Dans la même optique, on nous gueule que les cancers coûtent chers, et que le cancer du poumon est un point noir (humour sinistre, quand tu nous tiens) dans les comptes de la sécurité sociale. Encore une fois, je ne saisis pas bien la finalité : puisque le tabac est très taxé, on finance donc, et ce des décennies durant, le système de santé public, ainsi que tous les services tiers qui bénéficient de cette manne financière totalement acceptée par les consommateurs. De là à dire qu’acheter un paquet de cigarette est un acte doublement patriote, il n’y aurait quasiment qu’un pas à franchir là, non ? Entre les impôts directs, les salaires financés par le reste, la vie de commerçants honnêtes, fumer serait quelque peu un bienfait alors ! C’en est compliqué à comprendre… Comment dire que fumer est débile, quand en contrepartie on finance plein de choses. Cela commence sérieusement à me dépasser.

Ah, les harpies qui se disent non fumeurs ! J’aime leur intolérance, leur diktat de la bienséance. Autant je comprends que le tabac puisse indisposer durement, mais de là à s’entendre dire, chez soi « va fumer dans la cuisine ! », il y a un pas que je refuse de franchir. Je fume chez moi, je suis chez moi, donc je fais ce que je veux. Qu’on me dise de ne pas fumer en présence d’un enfant, ça, je le comprends, mais qu’un adulte vienne me tanner, en pleine rue, en me disant avec un air colérique que je l’indispose, je ne peux que lui répondre avec ferveur et entrain « Tu sais où tu peux te les coller, tes jérémiades ? ». Je deviens de plus en plus intolérant moi-même, mais avec les non fumeurs.

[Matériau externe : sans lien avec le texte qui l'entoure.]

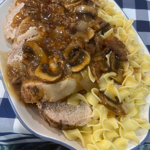 To serve: Place a pork chop atop fluffy cooked rice or egg noodles, spoon gravy over the pork chop and sprinkle with parsley.

Je m’intoxique parce que j’en ai le droit, et qu’ils aillent s’intoxiquer à leur manière, avec les drogues légales que sont les anxiolytiques et autres antidépresseurs. Sans blague, ça se farcit la paillasse avec des merdes complexes et aussi nocives que l’héroïne, mais ça vient vous taper sur les nerfs concernant une clope !

Et finalement, je me fous de la bienséance. Par principe, tant qu’on ne m’interdira pas légalement de fumer, je fumerai où je l’entends. Ma seule exigence, c’est de ne pas laisser traîner les mégots par terre… quoique : cela incite ensuite les villes à embaucher des gens pour continuer à nettoyer la voie publique. Comme quoi, même les résidus de tabac peuvent créer de l’emploi…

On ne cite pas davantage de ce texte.